**PROBLEM DESCRIPTION:** Write out exactly the lines below starting at the one containing "ಅಸಹನೀಯ ಶ್ವಾಸದೊಂದಿಗೆ, ಎಮ್ಮೆ" and ending at the one containing "Terzo piano: corridoio, soggorno, due". Omit every picture.

**DATA BLOCK:**
----
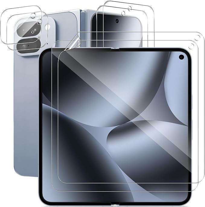 【適用機種】Google Pixel 10 Pro Fold 対応の保護フィルム(2枚)と背面フィルム(2枚)とレンズフィルム(2枚)です。スマホの液晶画面やカメラレンズどちらも保護できます。
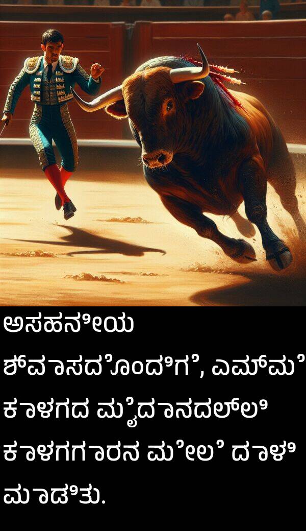 ಅಸಹನೀಯ ಶ್ವಾಸದೊಂದಿಗೆ, ಎಮ್ಮೆ ಕಾಳಗದ ಮೈದಾನದಲ್ಲಿ ಕಾಳಗಗಾರನ ಮೇಲೆ ದಾಳಿ ಮಾಡಿತು.
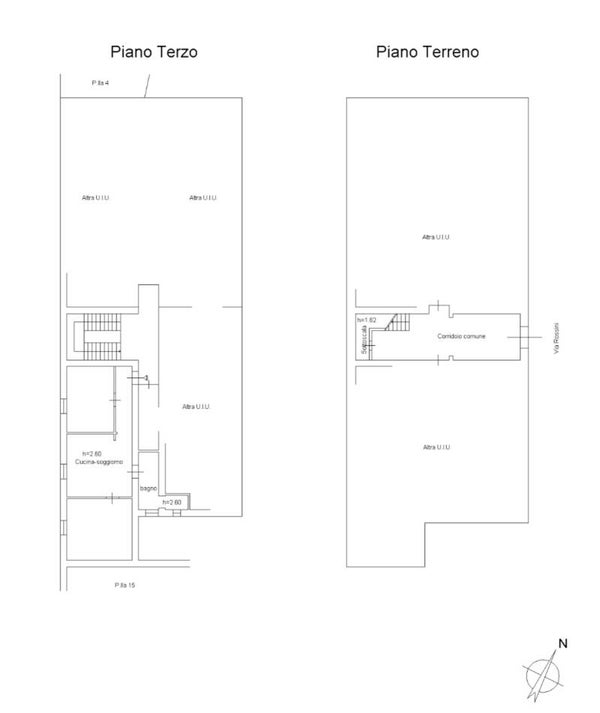 Terzo piano: corridoio, soggorno, due camere da letto matrimoniale, bagno con doccia.
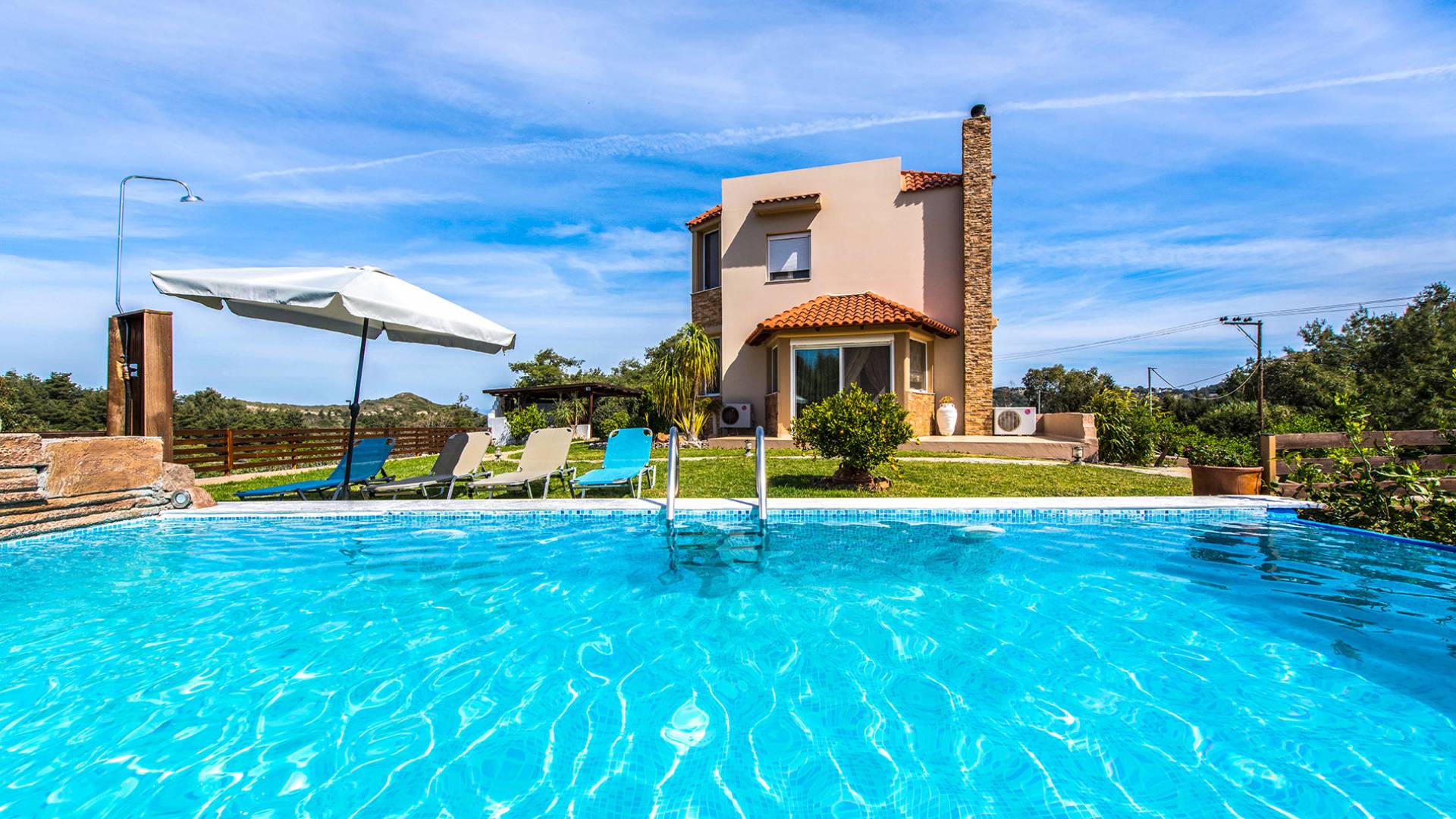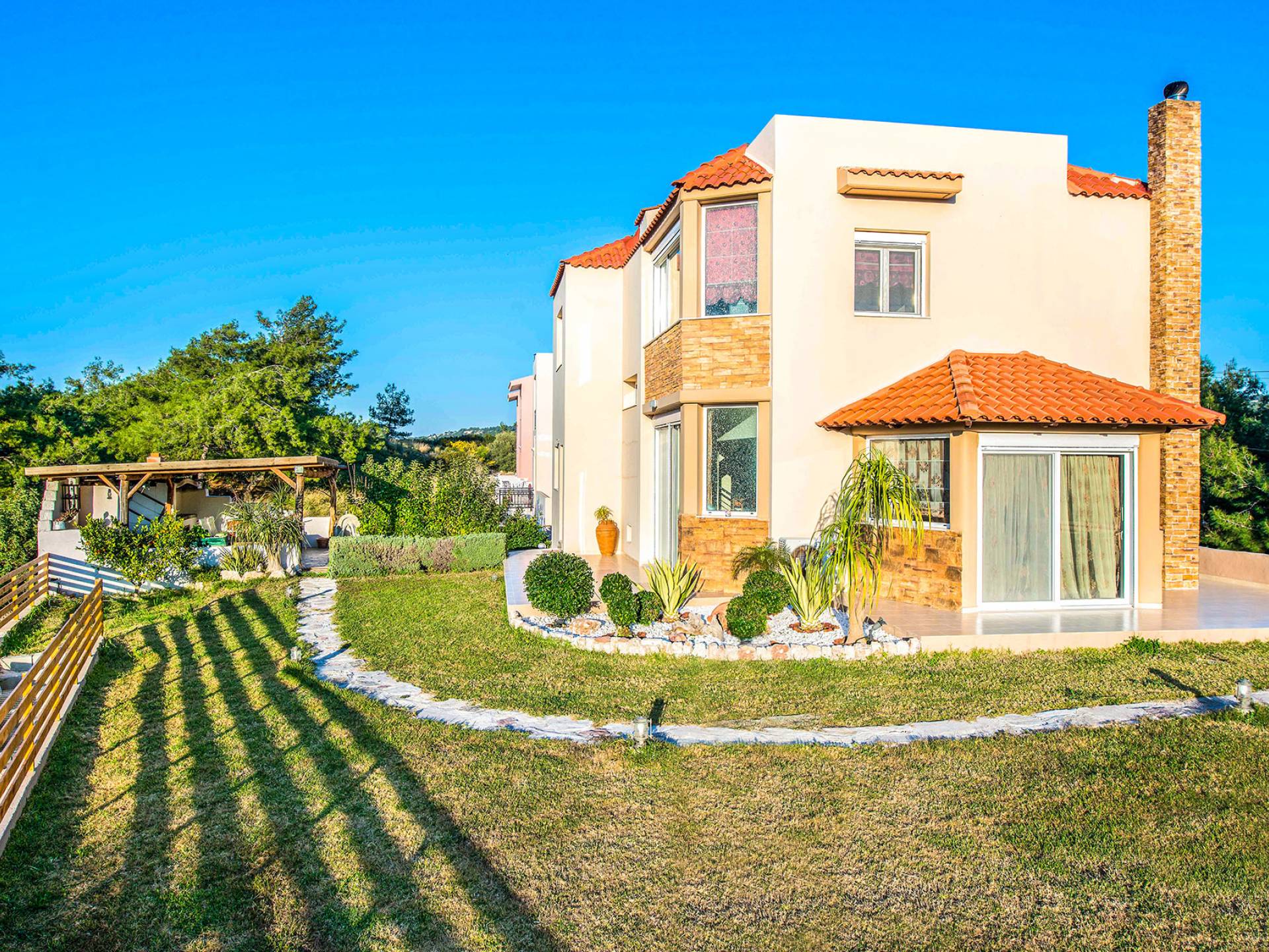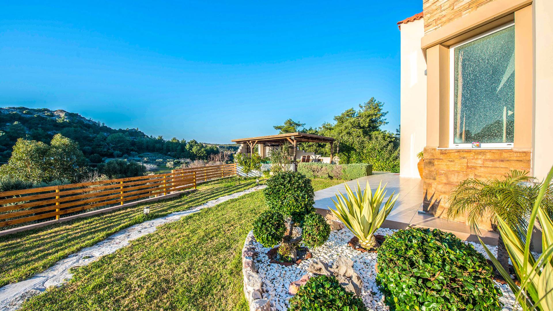 Natura House Rhodes — это роскошная вилла с 3 спальнями и частным бассейном. Natura House представляет собой впечатляющее двухуровневое здание площадью 150 м2, которое обеспечивает роскошное и комфортное размещение для семей, пар или групп друзей до 6 человек. Он состоит из 3 спален, 1 ванной комнаты с гидромассажной ванной, отдельной большой кухонной зоны и большой гостиной с обеденной зоной. Каждая комната выходит на балкон или террасу с панорамным и непрерывным видом на сад, бассейн и захватывающий дух пейзаж.
----
**REPLY TO THE EXERCISE:**
 ಅಸಹನೀಯ ಶ್ವಾಸದೊಂದಿಗೆ, ಎಮ್ಮೆ ಕಾಳಗದ ಮೈದಾನದಲ್ಲಿ ಕಾಳಗಗಾರನ ಮೇಲೆ ದಾಳಿ ಮಾಡಿತು.
 Terzo piano: corridoio, soggorno, due camere da letto matrimoniale, bagno con doccia.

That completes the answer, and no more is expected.